In essence, it became clear quickly that we wanted to use WebAnno in a way and for texts for which it was not designed. As the curation view of WebAnno (to merge annotations made by multiple annotators) does not work for chain annotations (which I could have known before, but didn’t), WebAnno also lost much of its appeal.

A New Annotation Tool: CorefAnnotator

At the end, I decided to tentatively build a new annotation tool. At first, the goal was to see if I could create something usable within a day, in order not to sink a lot of hours into this. Luckily, it was possible to build on previous experiences (and code), such that it I decided to commit a few days fully.

And with that, a new annotation tool was born. It’s a desktop application written in Java, using UIMA to store annotations and to represent the documents. The main decision was not to annotate relations between mentions directly, i.e., we do not distinguish between cataphoric, anaphoric, or coreferential relations. Instead each mentions is associated with a text-external entity, and if chains are needed, they can be created during export.

Screenshot of CorefAnnotator with many entities.

The tool supports the annotation of group entities (for plural pronouns as in the following example), and both entities and mentions can be marked with a number of attributes (generic, non-nominal).

[John]1 was cooking with [Sam]2. [They]3 had a lot of fun.

The creation of the tool also gave rise to a number of supporting functions that wouldn’t be possible with any existing annotation tool:

  • Each entity can be assigned to a key on the keyboard. If text is selected, and the key is pressed, the tools annotates the selected span as a mention of the entity. When the number of entities grows, it becomes infeasible to assign a key to every entity (because there is a limited number of keys). Therefore, the entity list can be searched and pressing enter while an entity is highlighted adds the annotation.
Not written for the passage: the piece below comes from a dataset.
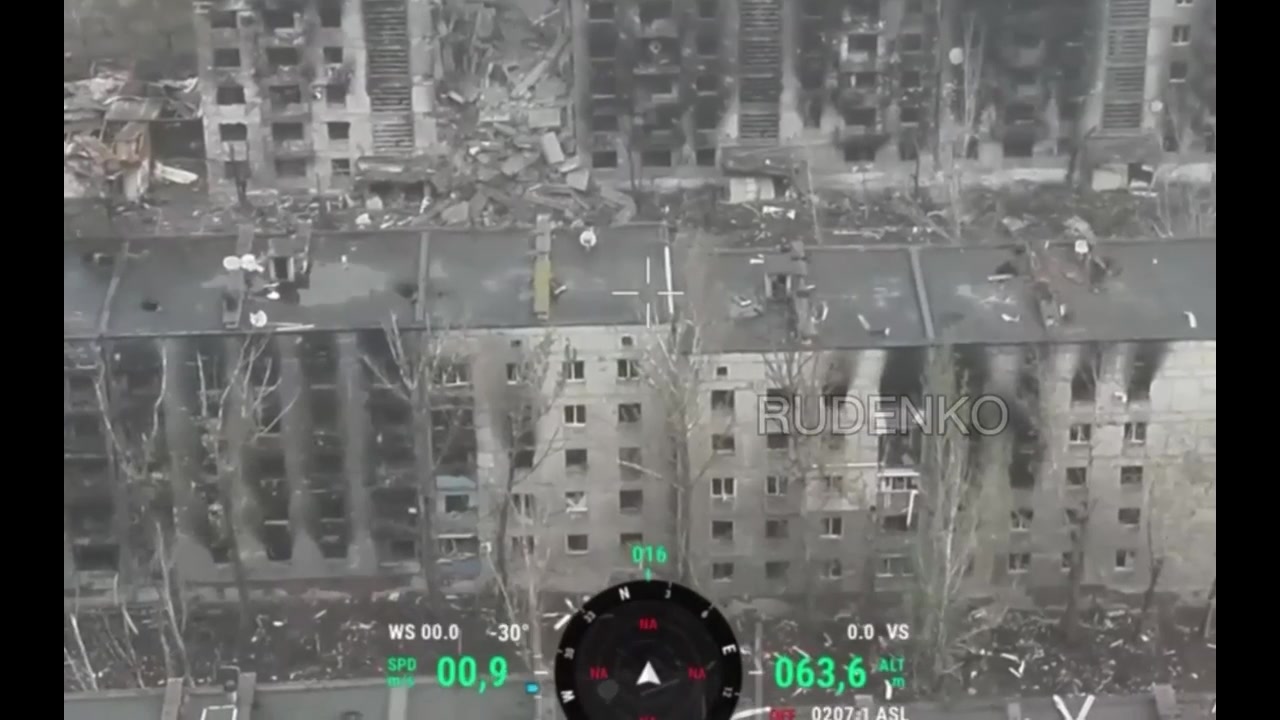 Toretsk. A Russian Armed Forces soldier suppresses a Ukrainian Armed Forces firing point in a residential building using a TM62 mine, which he dropped through a hole in the roof.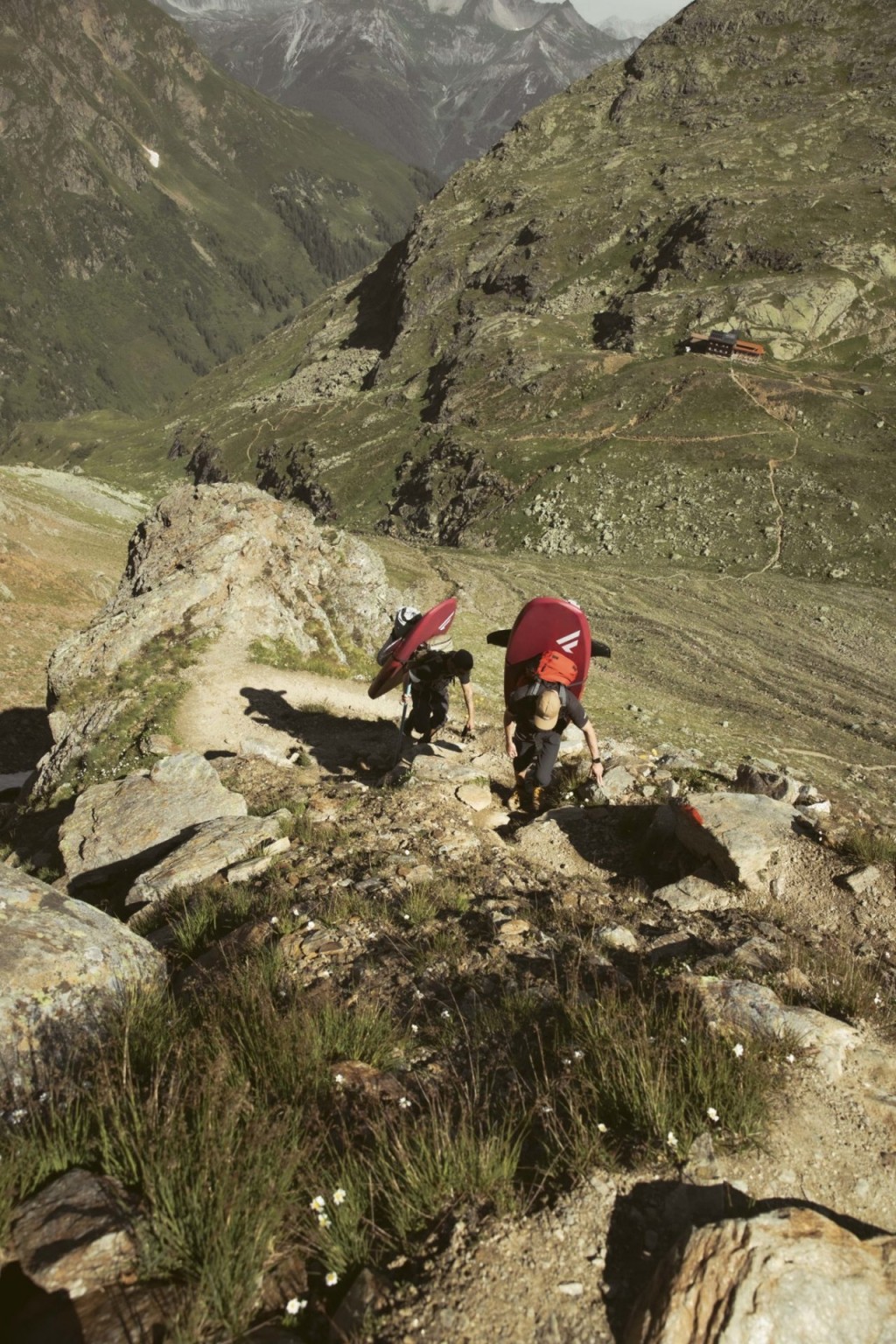 Summer came along this year, and it was different from the previous years. Travelling wasn’t possible or enjoyable, and we started to look closer into spots that we could have a session at, at home in Austria. Covid times made us think about what projects we could start right at home. So we figured why not look for the highest lake in Austria’s mountains and try to wing up there. It was all pretty spontaneous, and after a few days of planning our route, we were up there already.

The core annotation functions can be done entirely using the keyboard.
  • For any selected text span, a number of suggestions are shown in the context menu. These are entities that have been annotated in the context (surrounding text) or have mentions with the same span. Repeating annotation of the same surface string thus becomes very quick. An integration with a named entity recognizer has been added recently, to mark all named entities with the same surface form as mentions of the same entity.
  • The entire text can be searched, using regular expressions. Findings can be selected and either added as mentions to an existing entity or annotated as mentions of a new entity.
  • Since the tool is desktop-based, the text view can contain formatting information and, for instance, print stage directions in italic. This makes reading longer texts much easier for the annotators.
  • All annotation operations can be reverted using an undo-function, for reverting accidental annotations quickly.
  • Annotations created by different annotators can be compared (even more than than two). The compare view shows all disagreements in color, and allows quick identification of unclear or difficult cases. At this moment, the compare view covers only the spans of the mentions, and not the entity assignments, but this will be added in a future release.

Internally, all annotations are stored as UIMA annotations, and therefore with their character offsets. Texts can be imported from a few formats (including TEI/XML, but also plain text and conll), and also exported again. It is possible to import a document from TEI/XML, annotate coreferences in the annotation tool, and export it as the same TEI/XML again, but with added <rs>-elements to show the coreference.1 All TEI content is preserved during the annotation.

The annotation tool can be used for free and it is open source. It can be downloaded here. The annotation tool is currently in use within QuaDramA, CRETA, and hermA. Bug reports, suggestions and/or pull requests are highly welcome!

The next post in this series will really be about interesting cases, now that the tool question is decided once and for all.

  1. There is one caveat though: If an annotation crosses the boundaries of an XML element, the exported “XML” document will not be valid XML. This lies in the nature of XML and can only be changed if the data structures become very different.